Put the standard imports for Matplotlib, Numpy and the IPython widgets in the following cell.


In [3]:
%matplotlib inline
from matplotlib import pyplot as plt
import numpy as np

In [4]:
from IPython.html.widgets import interact, interactive, fixed
from IPython.html import widgets
from IPython.display import display


:0: FutureWarning: IPython widgets are experimental and may change in the future.

In [5]:
from IPython.display import (
    display_pretty, display_html, display_jpeg,
    display_png, display_json, display_latex, display_svg
)
from IPython.display import SVG

Interact with SVG display

SVG is a simple way of drawing vector graphics in the browser. Here is a simple example of how SVG can be used to draw a circle in the Notebook:


In [6]:
s = """
<svg width="100" height="100">
  <circle cx="50" cy="50" r="20" fill="aquamarine" />
</svg>
"""

In [7]:
S = SVG(s)
display(S)


Write a function named draw_circle that draws a circle using SVG. Your function should take the parameters of the circle as function arguments and have defaults as shown. You will have to write the raw SVG code as a Python string and then use the IPython.display.SVG object and IPython.display.display function.


In [9]:
def draw_circle(width=100, height=100, cx=25, cy=25, r=5, fill='red'):
    """Draw an SVG circle.
    
    Parameters
    ----------
    width : int
        The width of the svg drawing area in px.
    height : int
        The height of the svg drawing area in px.
    cx : int
        The x position of the center of the circle in px.
    cy : int
        The y position of the center of the circle in px.
    r : int
        The radius of the circle in px.
    fill : str
        The fill color of the circle.
    """
    
    listed = ['<svg width=','"',str(width),'"',' height=','"', str(height),'"', '> <circle cx=','"', str(cx),'"',' cy=','"',
           str(cy),'"',' r=','"', str(r),'"', ' fill=','"',fill,'"',' /> </svg>']
    s = "".join(listed)
    S = SVG(s)
    display(S)
    print(s)

In [10]:
draw_circle(cx=30, cy=30, r=30, fill='plum')

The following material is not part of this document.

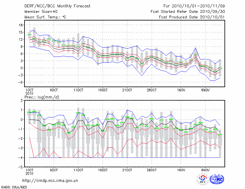 延 吉 (LAT:42.88 LON:129.47) 2010-10-01        预测

<svg width="100" height="100"> <circle cx="30" cy="30" r="30" fill="plum" /> </svg>

In [10]:
assert True # leave this to grade the draw_circle function

Use interactive to build a user interface for exploing the draw_circle function:

  • width: a fixed value of 300px
  • height: a fixed value of 300px
  • cx/cy: a slider in the range [0,300]
  • r: a slider in the range [0,50]
  • fill: a text area in which you can type a color's name

Save the return value of interactive to a variable named w.


In [11]:
w = interactive(draw_circle, width=fixed(300), height=fixed(300), cx=(0,300,1), cy=(0,300,1), r=(0,50,1), fill='red')

In [12]:
c = w.children
assert c[0].min==0 and c[0].max==300
assert c[1].min==0 and c[1].max==300
assert c[2].min==0 and c[2].max==50
assert c[3].value=='red'

Use the display function to show the widgets created by interactive:


In [13]:
display(w)



In [103]:
assert True # leave this to grade the display of the widget

Play with the sliders to change the circles parameters interactively.